Osobom, na których padł choćby cień podejrzenia o współpracę z NKWD czy UB groziła śmierć.
Wcześniej, w 1939 ujawniły się na tych terenach uzbrojone oddziały, które mordowały polskich
żołnierzy oraz cywilów. Po wkroczeniu Armii Czerwonej rabowano polskie majątki, mordowano
ich właścicieli, organizowano struktury partii komunistycznej, nawiązywano współpracę z NKWD i
milicją w akcji zwalczania polskiego podziemia w latach 1939-1941 oraz udział w sporządzaniu list
do wywózek na Syberię. Komitet Powiatowy PPR w Bielsku w 1945 był liczebnie najsilniejszy w
województwie – z około 300 członków niemal wszyscy byli Białorusinami.

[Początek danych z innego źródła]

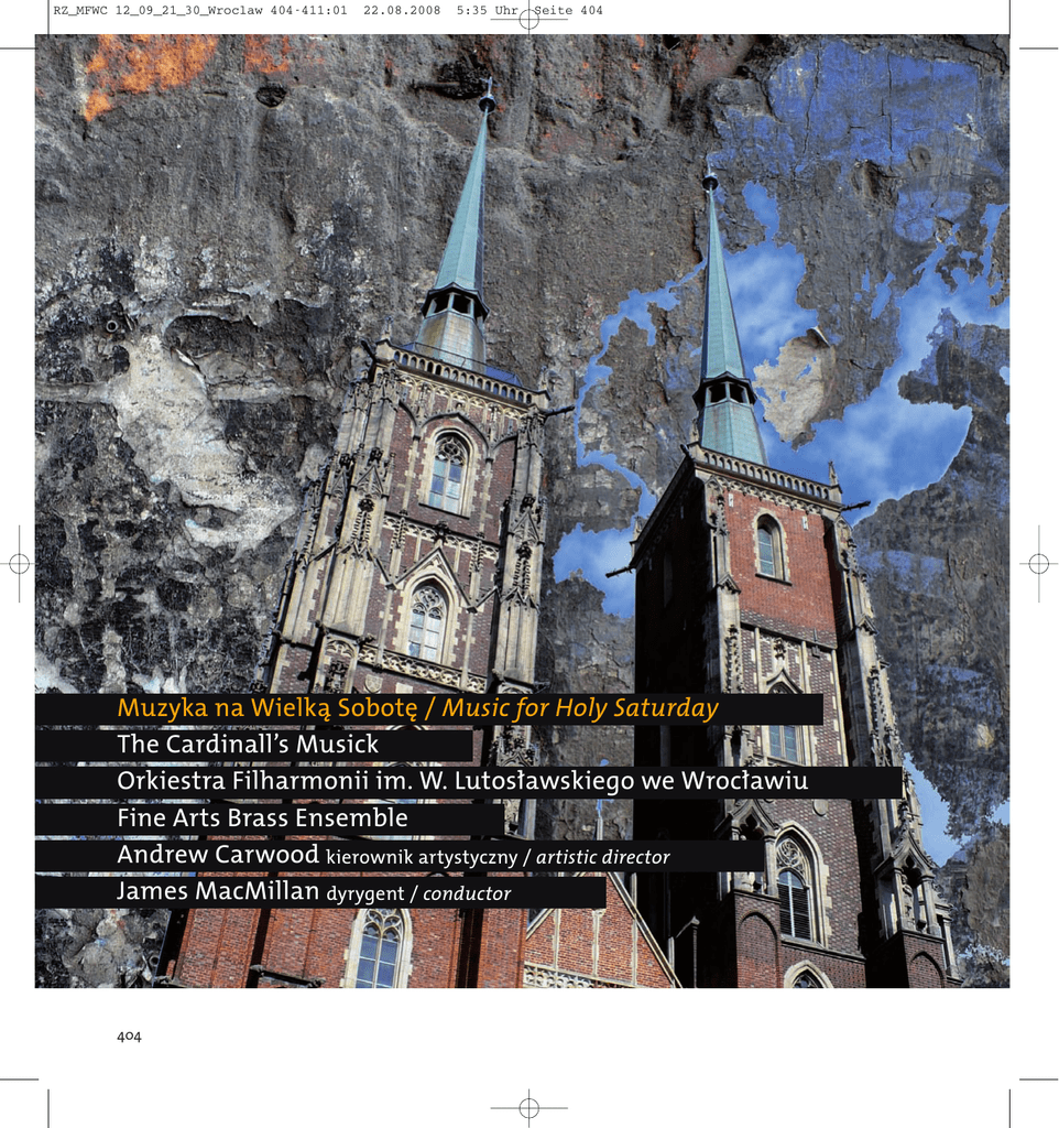 RZ_MFWC 12_09_21_30_Wroclaw 404-411:01 22.08.2008 5:35 Uhr Seite 404 Muzyka na Wielką Sobotę / Music for Holy Saturday The Cardinall’s Musick Orkiestra Filharmonii im. W. Lutosławskiego we Wrocławiu Fine Arts Brass Ensemble Andrew Carwood kierownik artystyczny / artistic director James MacMillan dyrygent / conductor 404 22.08.2008 5:35 Uhr Seite 405 Piątek / Friday Wrocław 12.09.2008 godz. 21.30 / 9.30 pm Kolegiata Świętego Krzyża Pl. Kościelny 1 godz. 21.30 / Muzyka na Wielką Sobotę / Music for Holy Saturday 9.30 pm RZ_MFWC 12_09_21_30_Wroclaw 404-411:01 Wykonawcy / Performers Pt / Fr 12.09.2008 The Cardinall’s Music Orkiestra Filharmonii im. W. Lutosławskiego we Wrocławiu Symphony Orchestra of W. Lutosławski Philharmonic in Wrocław Fine Arts Brass Ensemble Andrew Carwood kierownik artystyczny / artistic director James MacMillan dyrygent / conductor Program koncertu / Concert programme Lamentacje na Wielką Sobotę / Lamentations for Holy Saturday John Browne – Stabat Mater (1450-1498) Robert White (c. 1538-1574) Lamentations I James MacMillan (b. 1959) – “Triduum” part III – Symphony “Vigil” Czas trwania koncertu / duration of the concert c. 1:20 SPONSOR 405 RZ_MFWC 12_09_21_30_Wroclaw 404-411:01 Wrocław 22.08.2008 5:36 Uhr Seite 406 Kolegiata Świętego Krzyża Triduum James MacMillan Czy we współczesnym świecie artysta może kształtować Can an artist in the modern world shape art according sztukę w zależności od swoich przekonań religijnych? to religious belief and practice? Many people in the West Wielu mieszkańców Zachodu jest temu przeciwnych think not, and that it is a strange and undesirable mo- i uważa podobne działania za dziwaczne i niestosowne. tivation. Can liturgical experience be the catalyst for Czy doświadczenia religijne mogą być siłą napędową further artistic exploration and creativity? Again many twórczości artystycznej? Znów wielu jest temu przeciw- think not, seeing the whole intention and inclination as nych, uważając intencje podobnych działań za wątpliwe. a dubious business. How then, must now we view the ar- Jak więc obecnie należy traktować artystyczne tradycje tistic traditions of Europe, deeply rooted as they are in Europy, głęboko zakorzenione w wierze i tradycji chrze- Christian belief and tradition? Are the profoundly reli- ścijańskiej? Czy zatem głęboko religijne w swym cha- gious sensibilities of Josquin, Palestrina, Bach, Mozart rakterze dzieła Josquina, Palestriny, Bacha, Mozarta, Schubert, Bruckner and all now merely to be appraised Schuberta, Brucknera i im podobnych artystów mają być through the dusty detachment of the museum? Can we podziwiane jedynie w zakurzonych muzeach? Czy te dzieła only see their work now through the prism of modern or powinniśmy oceniać wyłącznie przez pryzmat współczes- post-modern aesthetics, where the original “extra-mu- nej czy też postmodernistycznej estetyki, w której pier- sical” motivations are dismissed as the inevitably pri- wotne, pozamuzyczne inspiracje są lekceważone jako mitive instincts of a redundant sensibility? prymitywny wyraz nadmiernej wrażliwości? If so, then the arrogance and ignorance of modernity Jeśli tak, to arogancja i ignorancja współczesności z całą has surely triumphed. It is imperative to the secular pro- pewnością zatriumfowała. Konieczne jest, by w każdym ject that our Christian heritage must be seen through świeckim projekcie dziedzictwo chrześcijańskie trakto- objective separation, where the object can be appraised wano jako coś odrębnego, gdzie dana rzecz może być without ever having to consider its historical and philo- podziwiana bez konieczności brania pod uwagę histo- sophical shaping ingredients. This allows the cultural rycznych i filozoficznych tradycji, które ją ukształtowały. elites to put our religious heritage in the dustbin of Pozwala to elitom kulturalnym wyrzucić swoje religijne history, while robbing its grave of all its beautiful arte- dziedzictwo na śmietnik historii i jednocześnie zawłasz- facts. This is the modern incarnation of the colonial spirit czyć wszystkie jego piękne świadectwa. Jest to wyraźnie writ large. It is as depressing in its nihilism as it is skewed współczesne wcielenie kolonialnego ducha, zarówno in its monumental propagandistic bias. przygnębiające w swym nihilizmie, jak i spaczone przez There is another way to see the tradition and practice of swoje ogromne uprzedzenia propagandowe. shaping art according to religious belief, and that is to 406 RZ_MFWC 12_09_21_30_Wroclaw 404-411:01 22.08.2008 5:36 Uhr Seite 407 12.09.2008 godz. 21.30 / 9.30 pm has not withered when we come to analyse the steady dostrzeganie ciągłego rozwoju i ewolucji kultury. Anali- and constant search for the sacred in modernity, and zując nieustające poszukiwanie świętości w nowoczes- especially in the music of the last 100 years or so. In music, ności, a szczególnie w muzyce ostatnich 100 lat, mo- more than the other arts, there has been a constant żemy dojść do wniosku, że wiara nie umarła. W muzyce, stream of composers who were, and still are, profoundly bardziej niż w innych dziedzinach sztuki, istnieje stała religious men and women. In different ways we see a liczba kompozytorów, którzy byli i nadal są osobami core unity in the widespread search for sanctity in the głęboko wierzącymi. Na różne sposoby, w dziełach takich work of Stravinsky, Schoenberg, Messiaen, Cage, Britten, artystów jak choćby Strawiński, Schönberg, Messiaen, Poulenc, Schnittke, Gubaidulina, Ustvolskaya, Pender- Cage, Britten, Poulenc, Schnittke, Gubaidulina, Ustwolskaja, ecki, Gorecki, Paert, Kanchelli, Tavener and many others. Penderecki, Górecki, Pärt, Kanchelli czy Tavener można In this view we can see the religious principle as being zaobserwować jedność w szeroko zakrojonym poszuki- part of the mainstream of musical modernity, and the wan

Rozkaz z 20 września 1945 dla oddziału kpt. Rajsa wkrótce zawieszono, z powodu szczupłości sił.
Pod koniec roku oddział był już na tyle liczny, ze mógł przystąpić do działań.
28 stycznia 1946 żołnierze kpt. Rajsa dotarli do wsi Łozice. Tam rozpoczął się niechlubny rozdział
historii "Burego". W ciągu kilku zimowych nocy rozpoczął z ok. dwustuosobowym oddziałem
zatrzymania chłopów z lokalnych wsi w okolicach Hajnówki. Podstawą zatrzymania był dobry stan
techniczny furmanek. Zatrzymano czterdziestu chłopów, którzy początkowo mieli pełnić rolę
transportu oddziału. Przestraszeni chłopi nie protestowali, gdy pod eskortą nakazano im wyruszyć
w kierunku Hajnówki. W drodze „Bury” uwolnił kilku furmanów deklarujących pochodzenie
polskie. W Hajnówce żołnierze "Burego" złapali i rozbroili milicjanta oraz trzynastu oficerów
Armii Czerwonej (w tym 1 podpułkownik), dwaj żołnierze radzieccy zostali zabici a dwaj ranni.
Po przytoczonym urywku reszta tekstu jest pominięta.